Drugs that alter neuronal excitability are important for the treatment of psychiatric disorders such as depression, anxiety, and schizophrenia. However, the discovery of neuroactive drugs mainly relied on serendipitous observations of unexpected effects on humans or animals. Hence, few new classes of neuroactive molecules have been discovered in the last half century. Without a profound understanding of psychiatric diseases at the molecular level, researchers often have to employ simple in vitro screening assays. These usually require changes in the activity of a known protein target and therefore are cumbersome to perform as few targets are known. Neither “in vitro” experiments nor cell-based assays are able to account for the complexity of nervous system interactions of entire organisms, and even though cell culture–based screening allows high-throughput procedures, the disadvantage is that drugs that modify nervous system function in new ways will evade detection.

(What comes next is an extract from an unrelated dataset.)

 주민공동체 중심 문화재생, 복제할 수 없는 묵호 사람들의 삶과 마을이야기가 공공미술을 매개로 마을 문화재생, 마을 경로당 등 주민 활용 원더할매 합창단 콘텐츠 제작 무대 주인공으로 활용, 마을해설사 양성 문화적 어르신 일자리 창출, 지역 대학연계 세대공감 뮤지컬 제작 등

Now, the research groups led by Alex Schier (Harvard University, Cambridge, MA) and Randall Peterson (Massachusetts General Hospital, Harvard Medical School, Charlestown, MA) have developed a fully automated platform for analyzing the behavioral effects of small molecules on embryonic zebrafish.^1,2

Phenotype-based genetic screens in animal models have been extremely fruitful and are unburdened by a priori assumptions about target genes. The same holds true for drug discovery through phenotype-driven screening procedures. The major limitation of this approach, however, is that the molecular targets can be difficult to uncover. One way around this may be to compare phenotypic variables of known compounds with those of novel ones in order to make predictions about their likely modes of action. An important prerequisite for this systems-level approach is that the recorded phenotypes should allow for a great number of easily discernable variation. Surprisingly, zebrafish behavior is one such content-rich readout, even when recorded from very young larvae.

The approach taken by the two teams is similar and relies on a simple procedure. First, a relevant behavior that is variable and content-rich is identified. Second, a high-throughput screening system that automatically records the data is provided. Third, the data are sorted by an algorithm that allows deduction of meaningful corollaries.

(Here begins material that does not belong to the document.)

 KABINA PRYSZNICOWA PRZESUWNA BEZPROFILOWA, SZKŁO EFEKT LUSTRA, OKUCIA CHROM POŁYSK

David Kokel and colleagues in the Peterson lab shone a strong pulse of light on larvae at 30 hours post-fertilization, which caused them to shake vigorously for a few seconds. ¹ This response was followed by a phase during which the infrequent spontaneous body flexions typical for this developmental stage were suppressed and another light pulse had no effect. They called this stereotypical pattern the photomotor response (PMR), and it was complex enough to record up to 14 quantitative features. Known psychoactive drugs, like the psychostimulant isoproterenol, increased motor activity throughout the PMR, while the anxiolytic diazepam decreased activity. Other substances reproducibly influenced the duration of specific phases. Importantly, the distinct changes elicited by the well-characterized substances suggested that the PMR is controlled by various neurotransmitter pathways and might be suitable for predicting the mode of action for newly discovered drugs. Fourteen thousand small molecules were tested on more than a quarter of a million embryos, resulting in 655 molecules that generated patterns of increased activity and 327 molecules with sedating effects.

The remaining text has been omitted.